A análise de vetos do presidente Jair Bolsonaro a projetos recentemente aprovados pelo Congresso — o novo marco regulatório do saneamento e a prorrogação da desoneração da folha de pagamentos de empresas — deverá servir como primeira mostra da recomposição, pelo Palácio do Planalto, de uma base aliada no Legislativo. Nos últimos meses, o governo aproximou-se de partidos do centrão, aumentando seu apoio formal na Câmara e no Senado.

As duas pautas econômicas, porém, chegam ao Congresso num momento em que parlamentares relatam insatisfação com o não atendimento de demandas pelo governo. Além disso, em especial na votação do marco do saneamento, a importância do tema para governadores e prefeitos deve levar congressistas a se guiar também pela lógica regional.
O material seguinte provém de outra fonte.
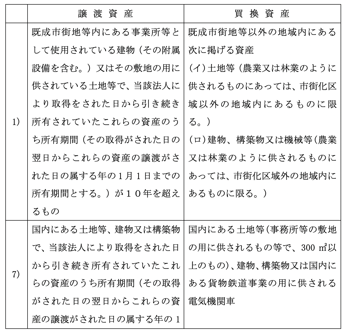 法人が平成32年3月31日までの間に、 所有する土地建物等を売却し、 売却した日を含む事業年度及び一定の期間内に要件に合致する土地建物等を取得し、 かつ取得の日から1年以内に、 法人の事業の用に供した場合は、 譲渡益の80%までの課税が繰延べられます。 (租税特別措置法65条の7)
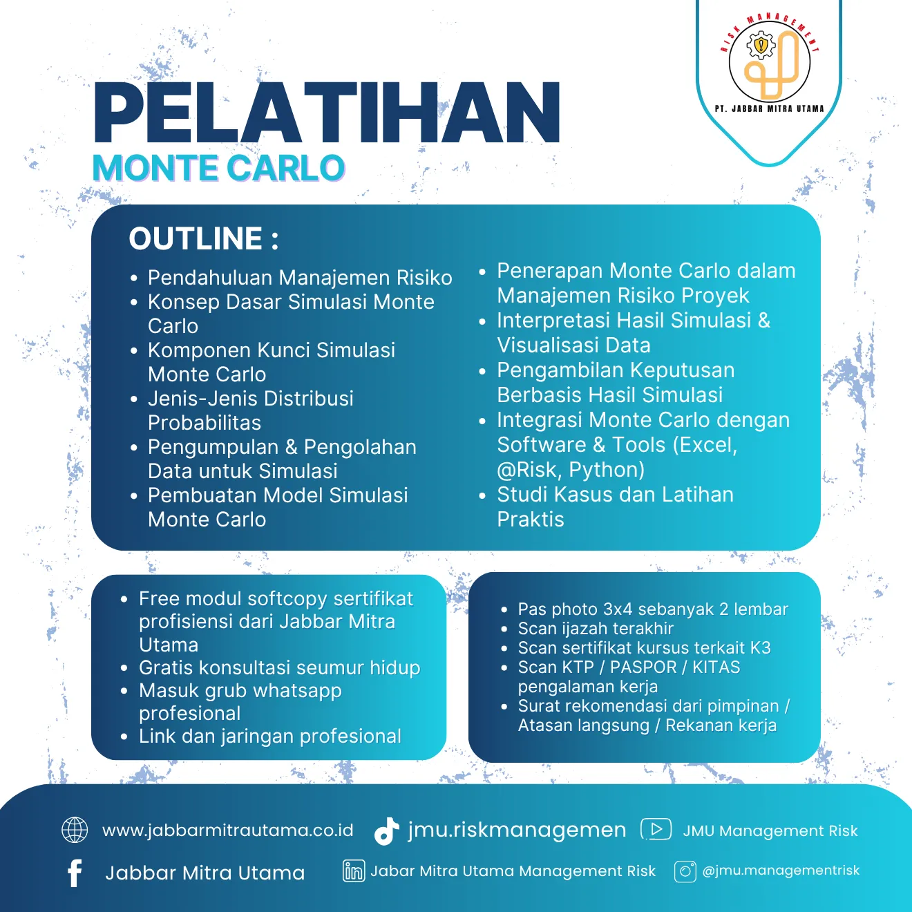 Pelatihan Monte Carlo ini dirancang untuk membekali peserta dengan pemahaman komprehensif tentang manajemen risiko melalui pendekatan simulasi Monte Carlo. Peserta akan mempelajari mulai dari konsep dasar, komponen kunci, hingga penerapan metode ini untuk memprediksi, menganalisis, dan mengoptimalkan pengambilan keputusan berbasis data. Materi akan mencakup pendahuluan manajemen risiko, distribusi probabilitas, analisis data, serta pembuatan dan penggunaan model simulasi. Selain itu, peserta akan belajar bagaimana mengintegrasikan Monte Carlo dengan perangkat lunak seperti Excel, @Risk, dan Python untuk mengolah dan memvisualisasikan hasil analisis. Pelatihan ini juga dilengkapi dengan studi kasus dan latihan praktis yang relevan dengan kebutuhan industri.
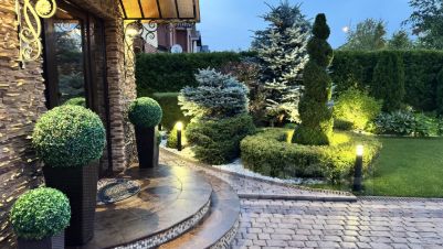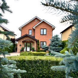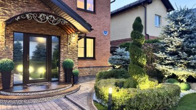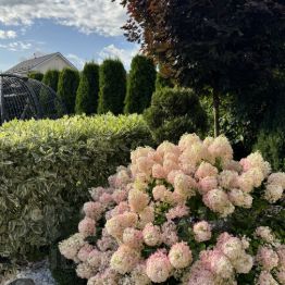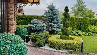 Озеленение участка: туи, голубые ели, рододендрон, гортензии, клёны на штамбе, кустарники и др. С весны по осень всё цветёт, отцветает одно, зацветает другое, зимой, благодаря большому количеству хвойников, участок остается зеленым. Круглый год красиво и эстетично!
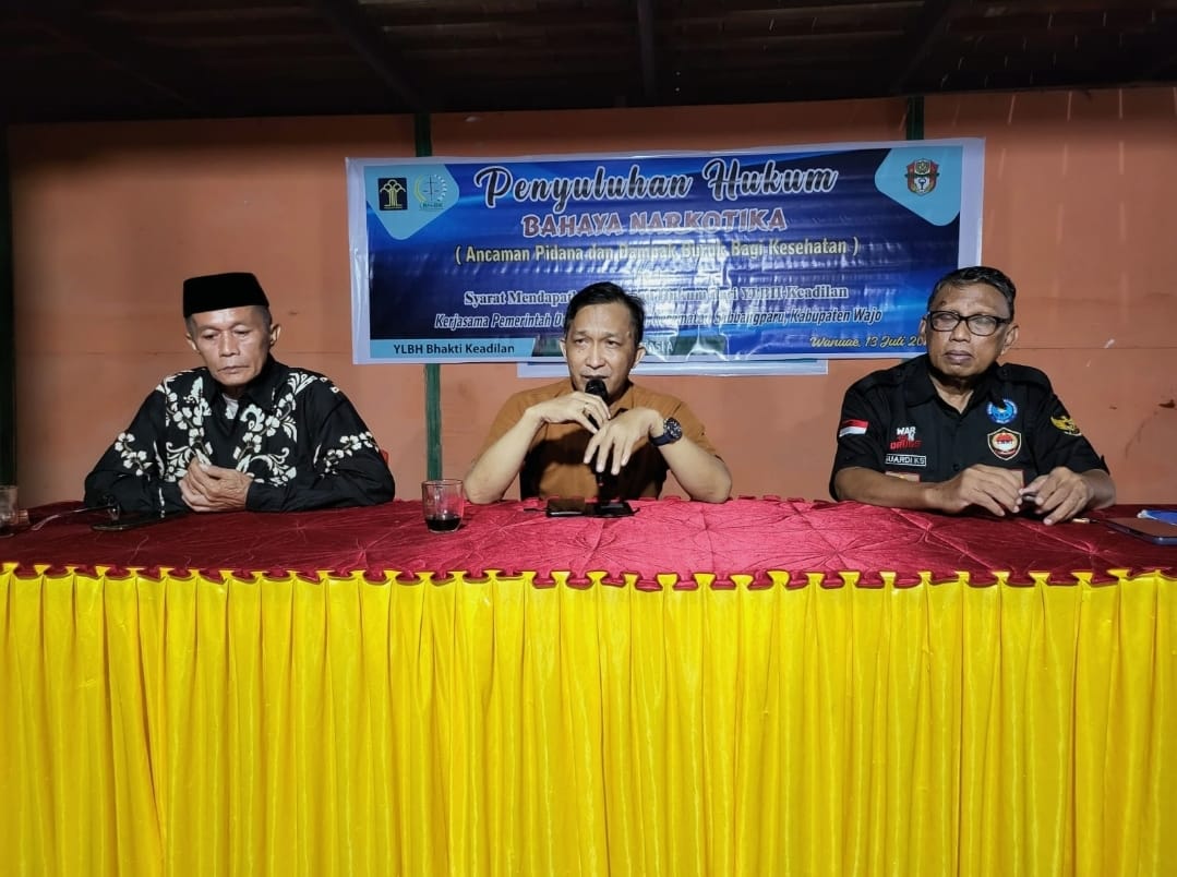 Kegiatan penyuluhan hukum tentang bahaya narkoba dibawakan oleh ketua lembaga LBH Bhakti keadilan Kabupaten Wajo, Muhammad Bakri S.H., beserta dari lembaga BNNK Kabupaten Wajo Kompol (purn), Suardi Kalaseng , di mana menurut beliau kegiatan penyuluhan hukum tentang bahaya narkoba bagi remaja dan masyarakat ini harus dilaksanakan terus-menerus karena hal ini merupakan suatu bentuk manifestasi konkret kepedulian intelektual.

Nos últimos meses, sem garantia de uma base ampla pelo governo, votações mais sensíveis têm sido postergadas. Na quarta-feira, o presidente do Congresso Nacional, Davi Alcolumbre (DEM-AP), adiou a sessão conjunta que reúne deputados e senadores. Segundo seus aliados, havia um temor de que houvesse a derrubada de diversos vetos do governo. O motivo seria a quebra de um acordo feito pelo governo com senadores depois de Bolsonaro vetar o trecho do novo marco regulatório do saneamento que permitiria a prorrogação de contratos de estatais.

No Senado, instaurou-se um clima de retaliação. Com isso, aumentou a pressão pela derrubada de outros vetos, como o que barrou a prorrogação até o fim de 2021 da desoneração da folha de pagamento de empresas e o que impediu a ampliação das categorias que recebem o auxílio emergencial. No primeiro ano do governo Bolsonaro, houve derrubada recorde de vetos.

— É importante manter os acordos e os textos conforme foram aprovados no Parlamento. Nós vamos trabalhar para derrubar os vetos — disse o líder do DEM na Câmara, Efraim Filho (PB), ressaltando que, no caso do saneamento, houve envolvimento da liderança do governo na negociação.

Essas votações devem ser testes importantes para o governo aferir o resultado das negociações políticas empreendidas nos últimos meses, tendo como linha de frente a composição com o centrão, beneficiado com a entrega de diversos cargos de segundo e terceiro escalão.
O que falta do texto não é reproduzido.